_What needs to be done_
Return every line of the records that includes the string "from".

_Source material_
==================================================

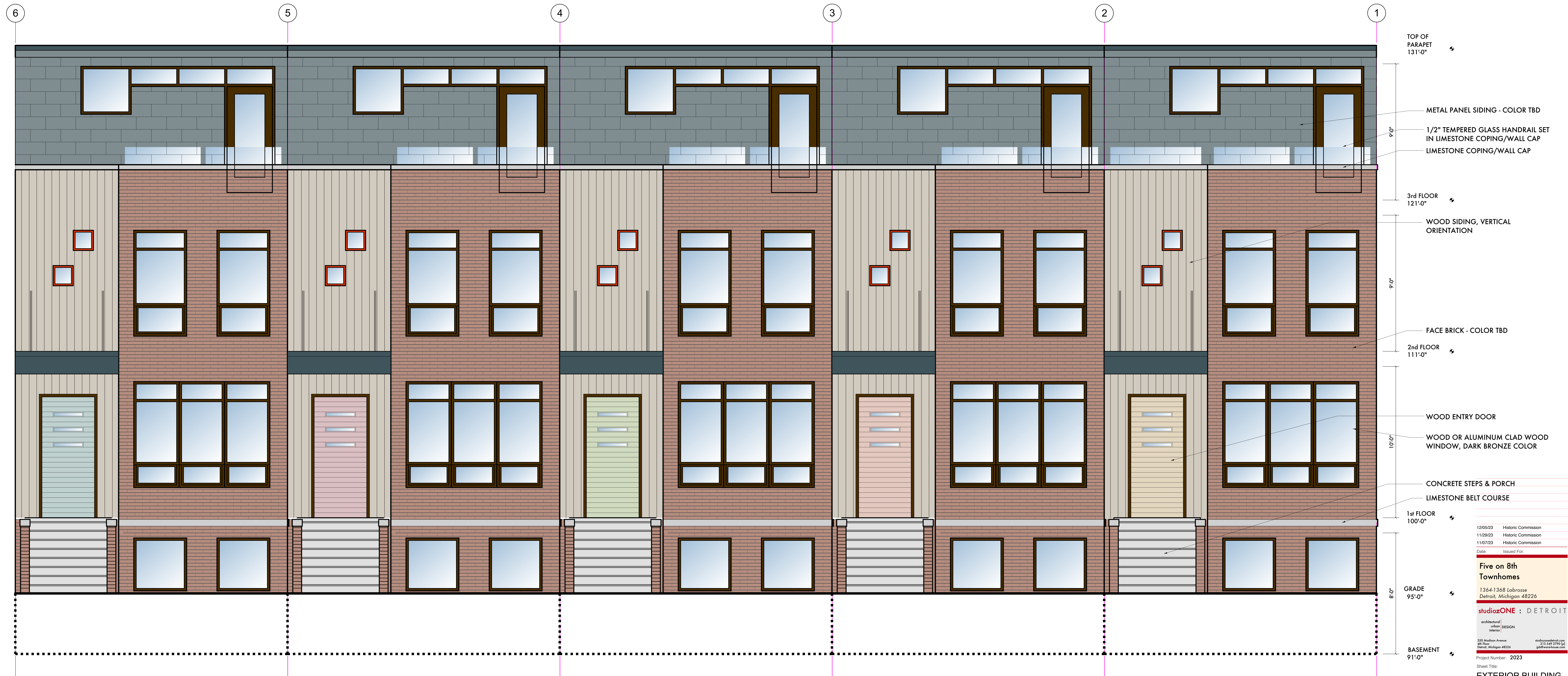
A WEST (8TH STREET) ELEVATION SCALE: 1/2" = 1'-0"
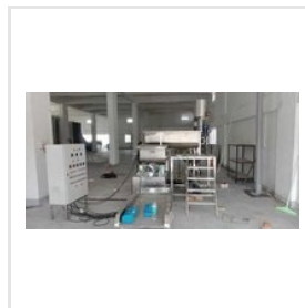
Automatic Pasta Making Machine 300
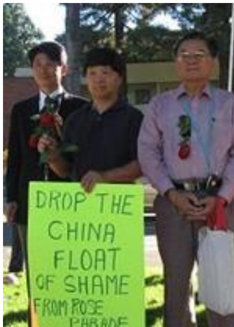
Figure 1. Human rights activists advocating removal of the float from the Rose Parade.
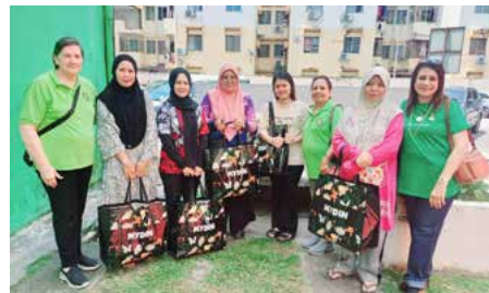
Hari Raya cheers grocery distribution by club members to needy families
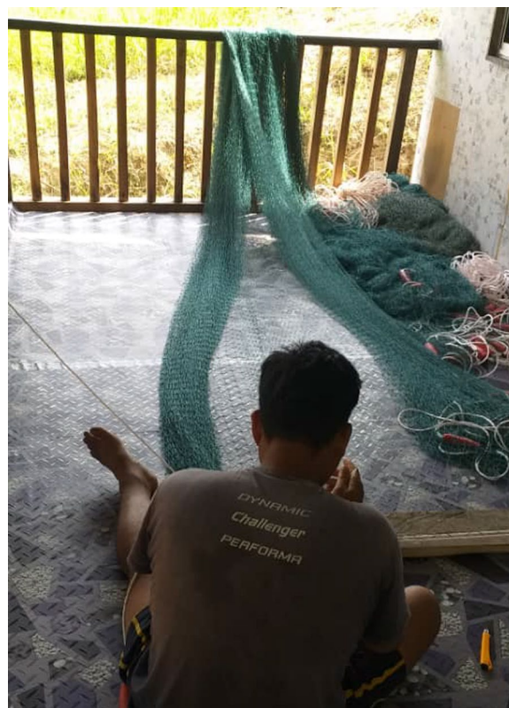
Fig. 6 “One activity the people in our village do is tending to their fishing nets from evening to night time after they returned from the sea” [Female, Farmer, Kg Membatu Laut]

The second important theme generated from the research data was the challenges to malaria prevention due to local socio-economic structures and practices. The communities are commonly exposed to malaria based on the sections they work in. For example, most people worked in the agricultural sectors such as rubber tapping, picking coconuts, working in oil palm plantations, and farming. Other livelihood activities were fishing, finding non-timber products in the forest, and breeding chickens. These

==================================================

_Exercise result_
Figure 1. Human rights activists advocating removal of the float from the Rose Parade.
Fig. 6 “One activity the people in our village do is tending to their fishing nets from evening to night time after they returned from the sea” [Female, Farmer, Kg Membatu Laut]
The second important theme generated from the research data was the challenges to malaria prevention due to local socio-economic structures and practices. The communities are commonly exposed to malaria based on the sections they work in. For example, most people worked in the agricultural sectors such as rubber tapping, picking coconuts, working in oil palm plantations, and farming. Other livelihood activities were fishing, finding non-timber products in the forest, and breeding chickens. These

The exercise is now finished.